I can’t find the wristwatch that I use as a timer while I meditate.
Only two weeks ago, I had inexplicably lost my old wristwatch somewhere in the recesses of my office. Just like today, I had also discovered that that old wristwatch was gone while I was preparing to meditate and use it as a timer.
That last time, I’d gotten so frustrated that I punched a bookshelf hard enough to knock books off it. That last time, I had to order a whole new wristwatch, and I never did find the old one.
Now, I can’t find the new wristwatch, either. As I dig for it, my frustration again begins to rise, just like last time.
How can I keep doing this? How can I be so goddamn stupid and disorganized?
What the hell is wrong with me? Why do I perpetually fuck things up? No, oh no, that’s not even the half of it.
The problem is not that I fuck things up. The problem is that I AM a fuck-up, right to my core.
I’m a fuck-up and a loser. I’m an incompetent jack-off. I’m a useless piece of shit.
My frustration is mounting, and I’m ready to punch that bookshelf. I’m ready to hit something. I’m ready to curse out loud and smash glass. I’m ready to burn the whole fucking world to the ground for what it’s done to me.
I’m balling my fist and getting ready to hit that bookshelf, which is too sturdy for me to break and so always my preferred target, when I catch a voice in mid-sentence in my head.
The voice is saying, “Goddamn idiot, if you lost your watch again then…” It stops in mid-sentence, as though sensing that it’s been caught in the act of speaking.
First I became aware of the voice. Then, the voice became aware of me. Now, it is silent.
Only seconds ago, I’d been hearing that voice as though it was my voice. But then suddenly I’d heard it, clear as a bell, as somebody else’s voice inside my own head.
I stand at my desk. Still and silent, I listen.
“If I lose my watch again, then you’ll do what?” I ask.
The intruder doesn’t answer.
“Who are you?” I ask.
Still, no answer.
I’m no longer angry. I don’t feel anything, just calm and alert as I listen for the intruder in my head.

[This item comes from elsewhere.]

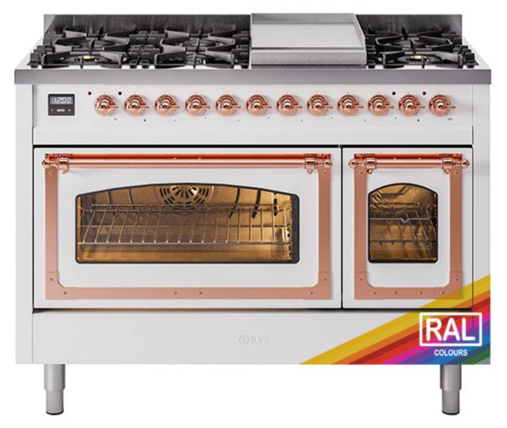 Introducing the new Nostalgie II 48" dual fuel range, a classic addition with a touch of innovation to any kitchen. This range feature sealed burners equipped with total black brass burner that has a non-stick nanotechnological coating, heavy cast iron grates, 3.5 + 1.52 cu. ft. total double oven capacity and soft closing door system.Read More
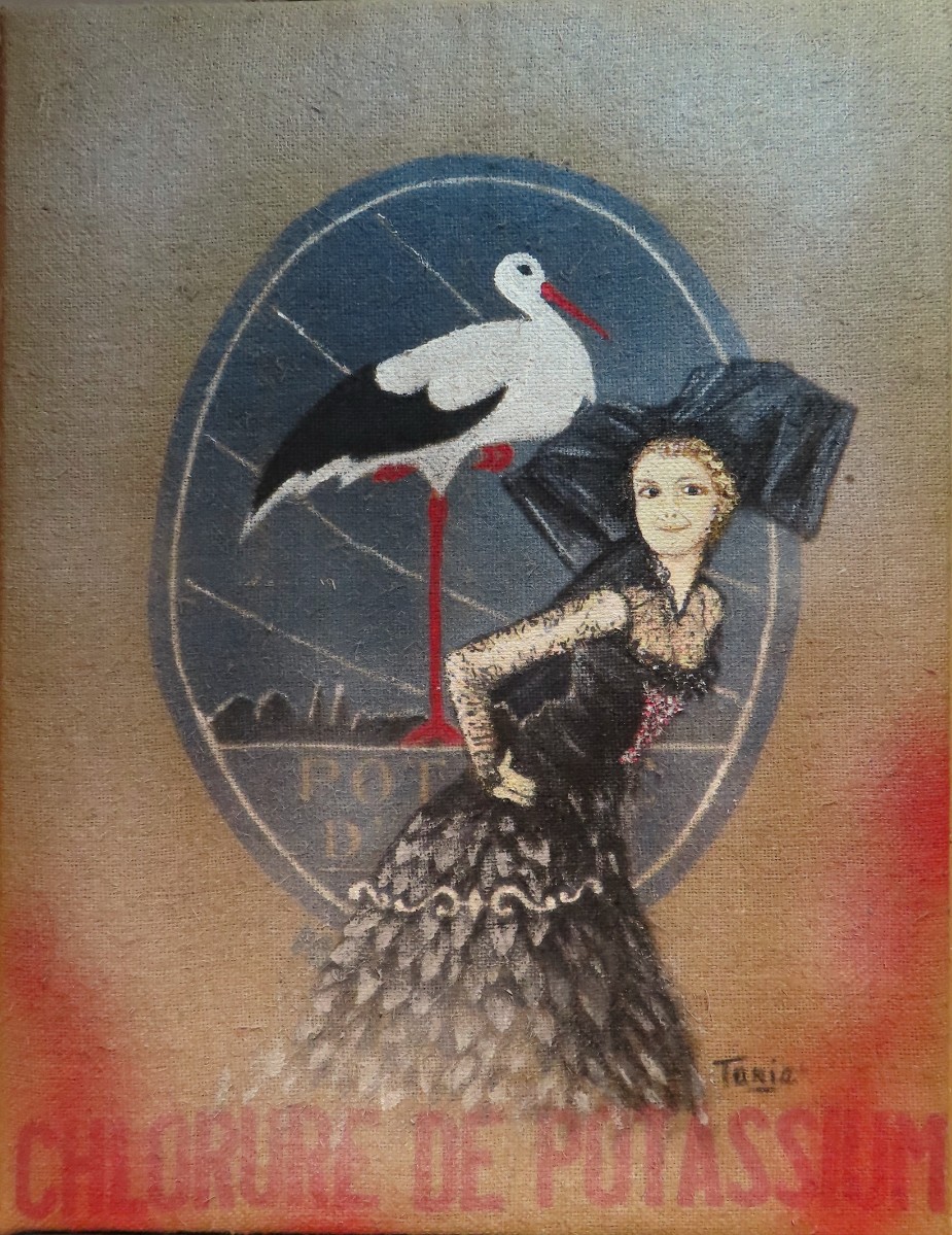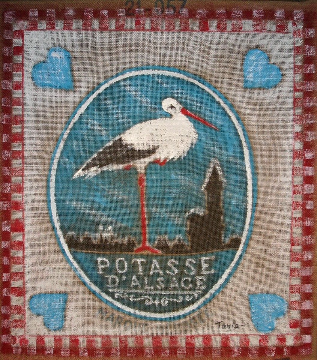 J'expose également en solo, dans toute l'Alsace. Au total j'expose chaque année 10 à 12 fois dans des lieux qui correspondent à l'aspect rustique-chic ou vintage de mes oeuvres peintes sur toiles de jute recyclée .

“Who are you?” I ask again.
It won’t answer. No matter how many times I ask, it’ll never answer. Like any other bully, it relies upon fear for its power. It shrivels up and dies under observation. The bully doesn’t like to be looked upon, because the bully doesn’t like to look at itself.
The bully is afraid to look at itself because if it does it will be forced to acknowledged its own emptiness.
The bully waits for its victim to be distracted, angry, or scared. In those times, it has the element of surprise. Without the element of surprise, it can’t win a fair fight.
I don’t hate the bully. I don’t hate the intruder inside my mind. I don’t feel much of anything for him, really. I only acknowledge that he must be banished, for the good of the village.
I sit down and close my eyes to meditate.
Meditation is the silence that kills brain bullies.